Work is also under way to improve our CAI and RAI methods. Our current application of CAI uses monthly climatologies that reflect precipitation totals summed over all days in each month, averaged over a number of years. Long-term means are inherently powerful predictors, because storm configurations (e.g., upper-level flow directions) that produce the largest contribution to the average monthly total precipitation, either because they are wetter per storm or occur more frequently (or both), are weighted more highly than those producing little precipitation or those that occur infrequently. However, storm patterns that deviate from the mean condition do occur and can have important water balance implications (Lundquist et al. 2015). To better represent the range of potential storm conditions, we are using PRISM to develop a set of conditional CAI (CCAI) climatological grids that represent mean total precipitation for a subset of days in each month that have a variety of 700-hPa flow directions. In operation, the CCAI grid that best matches the day’s local flow direction would be used as the predictor grid, rather than the climatology that includes all days in the month. Mesoscale numerical models may provide an important source of information for differentiating these orographic signatures where station data are lacking, such as in remote mountainous regions (Lundquist et al. 2019). Such models, if applied operationally at appropriate grid resolutions and extents, could provide an additional predictor grid in the PRISM interpolation process, and ultimately be added to our CAI/RAI besting process as a third alternative. Over longer time scales, measurements of streamflow also provide valuable information on average areal precipitation in watersheds where observations are sparse (Henn et al. 2018a,b).

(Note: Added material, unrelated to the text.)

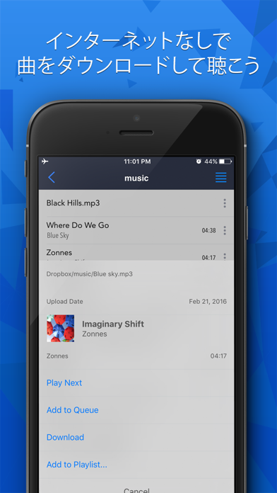 - 有料プランでは、クラウドから音楽をダウンロードしてオフライン再生も

The ST2un analysis used to weight the RAI analyses in the besting process was discontinued in July 2020. At that time, we replaced ST2un with the 24-h radar-only Multi-Radar Multi-Sensor (MRMS; Zhang et al. 2016) product from the National Centers for Environmental Prediction for the period 1200–1200 UTC. We have been archiving MRMS products since late 2014 in anticipation of eventually also replacing the AHPS ST4 product with MRMS. MRMS grids are provided at a higher resolution than the AHPS grids (~1 vs ~4 km), and thus reveal more detailed precipitation patterns. However, the higher resolution also reveals visible artifacts in the radar fields that need to be resolved if we are to use MRMS as predictor grids in our RAI mapping. Much work has been done to identify and remove many of these artifacts (Tang et al. 2020), but some important artifacts remain. One type is “washboarding” in the fields (Zhang et al. 2016), which appears to be caused by oversampling fast-moving systems at 2-min intervals; that is, more frequently than the typical radar refresh rate. This causes some radar field snapshots to be repeated and others skipped in an irregular sequence. Another type of artifact is linear ray-shaped gaps in the field, created by radar beam blockage by obstructions, that have been partly, but not completely, rectified (Zhang et al. 2016). We have been developing methods to minimize washboarding that will be reported in a future paper.

c. Uncertainty estimation

Our ability to provide accurate and defensible estimates of the uncertainty in the daily precipitation products remains limited. We have attempted to ascribe regional uncertainties to our long-term monthly average datasets using cross-validation exercises (as described in section 3e) and model-generated regression prediction intervals (as described in Daly et al. 2008). These two methods are not strictly comparable; cross validation provides information only at station locations, while the model prediction interval is given at each grid cell. However, these methods produced similar results when aggregated to regional scales (Daly et al. 2008). Both have significant weaknesses: cross-validation errors can appear misleadingly small when low-density station datasets are used in the evaluation (e.g., Daly 2006), and the accuracy of the prediction interval depends on the veracity of the model-based assumptions (which is partly what we are trying to evaluate in the first place). Another approach we have taken more recently is to use a local network of rain gauges that is sufficiently dense so as to closely approximate “ground truth,” and perform evaluation exercises to estimate the sources and magnitudes of uncertainties in the PRISM 800-m national datasets (Daly et al. 2017). We are in the process of identifying other such networks to help gain further insights into the true uncertainties of our datasets, and in the future be able to generalize the results across larger regions. Evaluating differences between gauge-based estimates and other independent sources, such as numerical model-based estimates, also represents a promising path to assessing and quantifying uncertainties.

8. Summary

This paper has attempted to highlight some of the challenges faced by groups developing daily gridded precipitation datasets from surface observations on an operational basis, using examples of some of the issues we have been confronting throughout the product development chain. We have found that generating spatial precipitation datasets of high quality requires careful attention to many steps in a lengthy and detailed process. For the purposes of discussion, we grouped the challenges into five categories that roughly follow the production sequence: station density, data quality control, spatial interpolation, temporal consistency, and operational considerations.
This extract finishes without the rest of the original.